King followed in his family’s footsteps and became a pastor of the Dexter Avenue Baptist Church in Montgomery Alabama in 1954. In 1955, on December 1, Rosa Parks, a middle-aged tailor’s assistant, was arrested for refusing to give up her seat when the bus driver instructed her to do so to make room for more white passengers. Following This event, on December 5, King became president of the Montgomery Improvement Association and the bus boycott began.

On December 1, 1955, after Rosa Parks was arrested and fined, Martin Luther King Jr. and his friends came together to help organize a bus boycott. Until passengers were completely integrated, the black people of Montgomery would refuse to use city buses. King was arrested and his house was fire bombed, but this was not uncommon. Others involved in the boycott endured harassment and other types of threatening behavior. The Montgomery Bus Boycott was a success after the thirteenth month passed and 17,000 black people walked or got rides from the small, car-owning black population. The boycott finally ended on December 20, 1956, after a Supreme Court decision and a loss of revenue had forced the Montgomery Bus Company to integrate their buses.

After the Montgomery Bus Boycott, Martin Luther King Jr. had many achievements. In 1958, he published Stride Toward Freedom: The Montgomery Story, depicting the events of the boycott, from describing the plans and problems of a nonviolent campaign, to the eventual desegregation of the city’s bus system. In 1963, he marched to the steps of the Lincoln Memorial to deliver his famous “I Have a Dream” speech to civil right marchers. In the same year, he was named Time magazine’s Man of the Year, becoming the first black American to be honored. In 1964, he won a Nobel Peace Prize for his leadership of the “Southern Christian Leadership Conference.” King organized a mass march to create national support for federal voting-rights legislation in 1965. In 1968, on April 3, Martin Luther King Jr. gave his final speech, “I’ve been to the Mountain Top” in Memphis, Tennessee. The next day, while waiting for an event he was going to attend later that night, King was shot and killed on the balcony of his motel room. This sparked riots in 125 different cities and resulted in forty-two people being shot. Two months later, James Earl Ray, the assassin, was found in London after he robbed a bank. He was later identified and arrested for the murder of Martin Luther King Jr.’s and was sentenced to ninety-nine years in prison.

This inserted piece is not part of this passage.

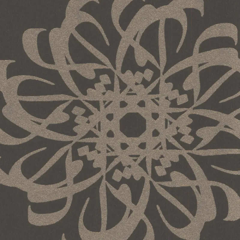 Black is dramatic and sophisticated, especially when artfully printed with metallic silver and dove grey suede. This modern wallpaper features an abstract floral geometric, reminiscent of a mehndi.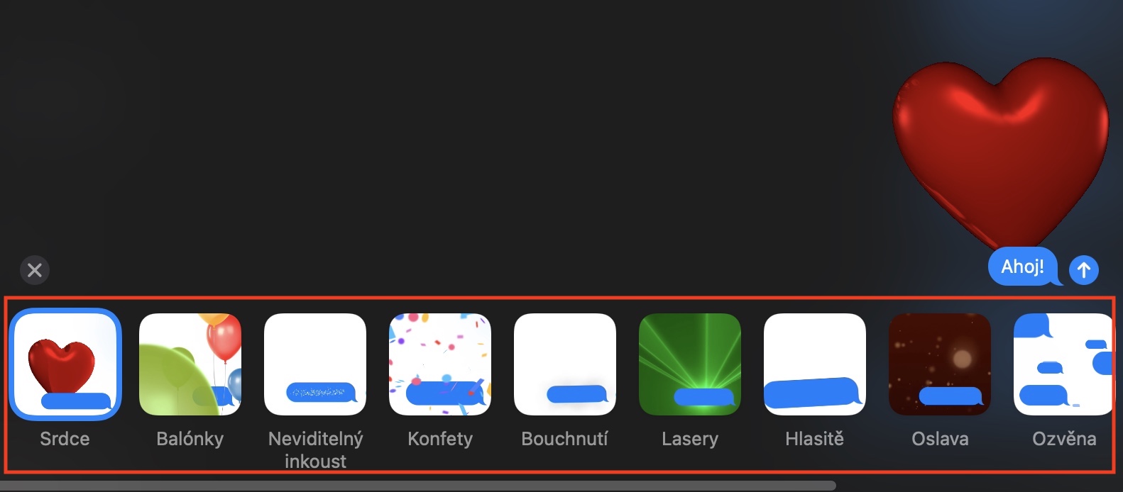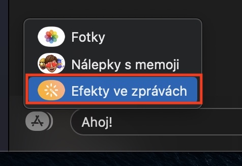 Na iPhonu a iPadu můžete již po dobu několika let odeslat zprávu společně s efektem. Co si budeme nalhávat, nijak extra často tuto funkci nevyužijeme, v občasných situacích se ale může hodit – například pokud chcete na něco upozornit. Dobrou zprávou je, že s příchodem macOS 11 Big Sur se efekty v aplikaci Zprávy konečně objevily i na jablečných počítačích. Jestliže chcete nějaký efekt zaslat, tak stačí, abyste klasicky do textového pole napsali nějakou zprávu. Nyní ale zprávu neodesílejte – je nutné, abyste nalevo od textového pole klepnuli na ikonu App Store, a poté z menu vybrali Efekty ve zprávách. Nyní si stačí vybrat ten efekt, který potřebujete, a nakonec klepnout na šipku pro odeslání vpravo dole.

The process to make Martin Luther King Jr. birthday a national holiday was a long process that took over fifteen years. U.S. Representative John Conyers was the first person to call for a holiday honoring King. The bill got stalled in Congress, but when six million names were submitted, it was discussed about at every session of Congress until it was passed in 1983. President Reagan signed the bill, but recieved many complaints that the day chosen was too close to other holidays, including Christmas and New Years. After some compromising, the third Monday of every January is now known as Martin Luther King Day. Some states thought that naming a holiday after someone who was so involved in civil reform should represent the group of civil rights activists. Because of this, some states renamed this holiday Human Rights Day or Civil Rights Day.

There is no question why this man was an American great, or what he did to better this country. He was, as some may say, the greatest leader of all time.